The FT article features Josh Bruno,who left Bain Capital to set up Hometeam. He started with a tech solution in mind – perhaps the equivalent of Uber for in-home care, he thought – a platform that would match caregivers to elderly and take a cut.

After volunteering in about 40 elderly care organisations, he quickly realised that the deepest issue in the caregiving sector was not matching, but motivation – “People blame them as lazy, but they are the worst working conditions — low pay, no training.” Defying all industry standards, he decided to hire the caregivers, give them good benefits  of paid holidays, maternity leave, training and retirement.

I think Josh is getting to the heart of the issue – how can you expect people to deliver quality care if you don’t care for them? The first step is turn caregiving into a worthy career. Business can’t tackle this alone, which leads me to point two.

2. Partner to make home care an economically viable business 

Josh’s company was turned away by many VCs because hiring the caregivers was not deemed to be maximally profitable.

I believe many  have not yet realized the economic benefits of a strong home care sector. When elderly are able to continue living in their own homes, a whole ecosystem of services such as tele-health, food delivery and transport has a larger market. For large healthcare providers like Kaiser Permanente, a strong home care sector combined with tele-health can help manage its elderly clients outside the expensive hospital setting.
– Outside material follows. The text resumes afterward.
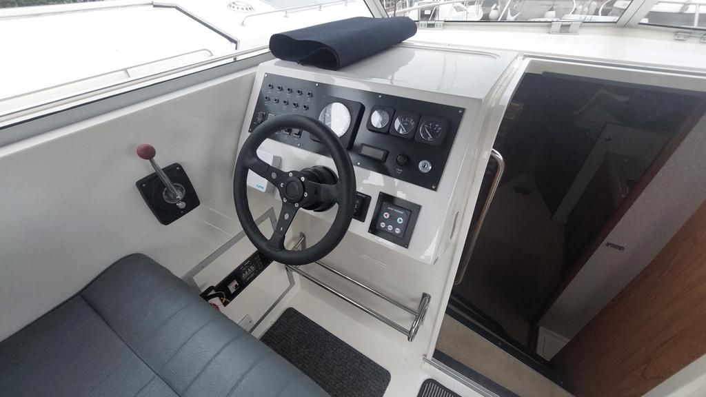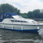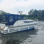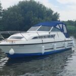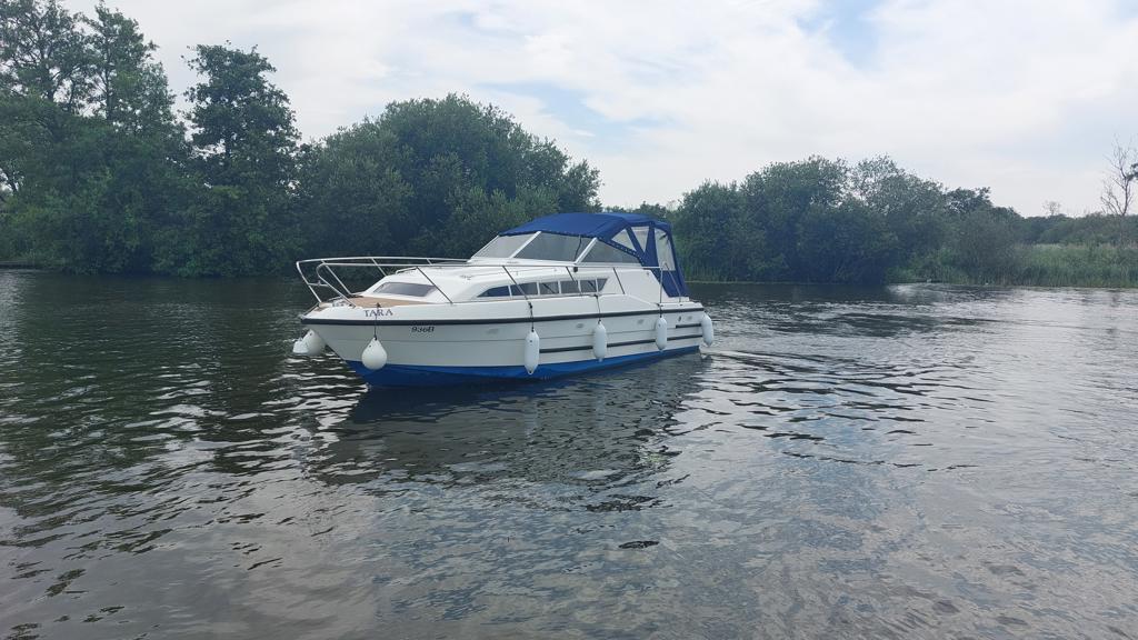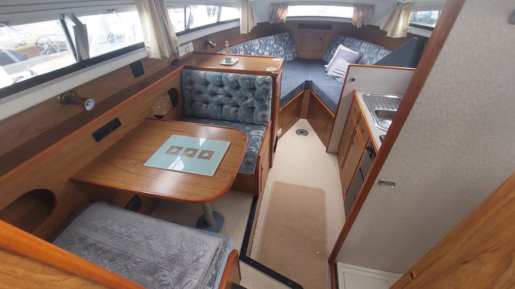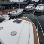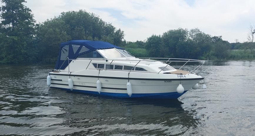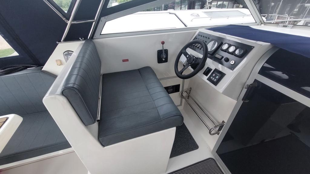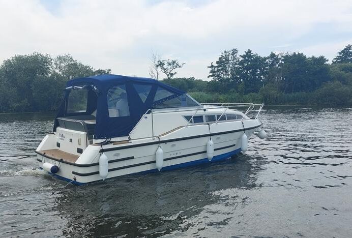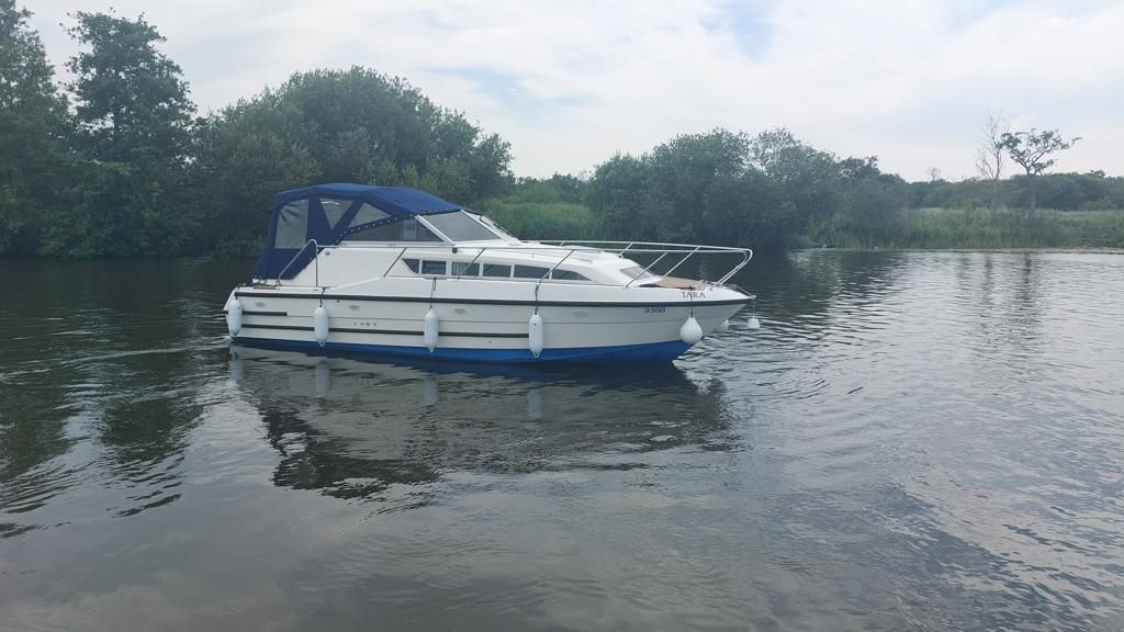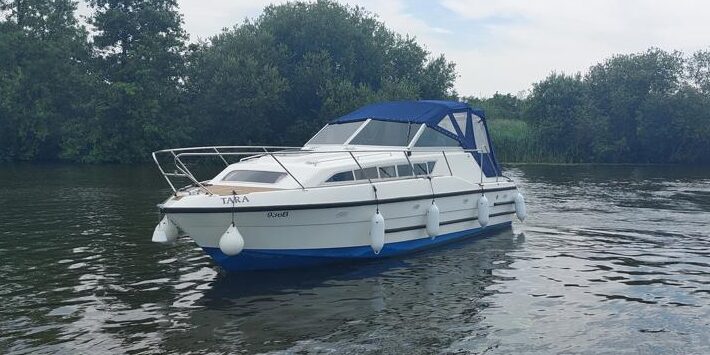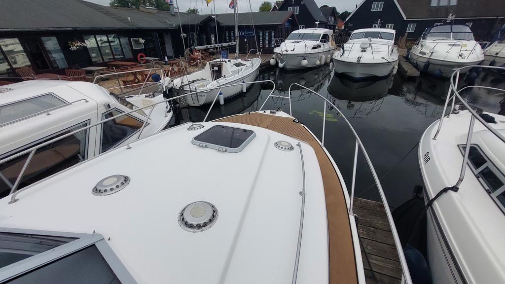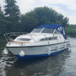Bounty Brister 27 – 1995. Single Nanni N4.150 37.5hp diesel engine through a shaft. 2 berth accommodation with a single toilet and shower compartment. Specification to include; bow-thruster, warm air heating, battery charger, folding screens, full canopy, electric windlass, speed and depth log. “Tara” is a very nice and well maintained example of these ever popular motor cruisers. She boats a very comprehensive specification and folding windscreens give her a low air-draft allowing exploration of most of the Norfolk Broads. BSC 06/29

This optimizes the use of hospital facilities and doctors’ time, making the business more profitable. For the same reasons, countries where healthcare systems are operated by the Government should consider investing public funds in the home care space, for example, by extending subsidies in nursing homes to the home care sector.

Furthermore, to help the home care sector grow, the public and non-profit sectors should play a role in helping to overcome inherent”diseconomies of scale”. It does not make sense for small home care companies to have their own training programmes and qualifications system. One idea is for Governments or non-profits to offer basic, modularised caregiver training as a “shared resource” for home care companies to utilise.

3. Use technology to build a care ecosystem around the elderly 

Although it may not currently feel like it, home caregivers are really part of a team of family members, healthcare professionals and community members who help make living at home comfortable and enjoyable.

Technology can enable better communication and support between different members of this team. The home caregiver should be able to ask the healthcare professional whether a situation requires medical attention, and share information that would help the healthcare professional with diagnosis and prescription. Community members should be able to volunteer in bite-sized chunks of time, a topic I wrote about in my article “Three ways to build a transportation system that services the vulnerable”. Ultimately, when members of the team communicate, they can collectively give better care and receive support from each other. This can help to tackle the motivation problem for caregivers.

Technology can be part of the care team too! It can enable an elderly person to live independently as long as possible, only activating their caregiving team when necessary. One of the greatest fears of an elderly person is that something happens (a fall, a stroke) when they are alone. The solution, 24-hour care, is expensive and intrusive.

The Singapore Management University has been piloting sensor-enabled homes in Singapore through their SHINESeniors initiative. These sensors observe and analyze the elderly’s living patterns and immediately activate his care team when a change in pattern suggests a deterioration. Besides enabling independent living, this also allows companies and family members to allocate their time and resources efficiently.

Conclusion

Disrupting the flailing home care sector is essential to the quality of life of older folk, and the sustainability of healthcare systems when populations age. It’s a tough nut to crack, but I can’t think of a more important issue to work on right now, because our parents – and then us – are going to be the beneficiaries of positive disruption!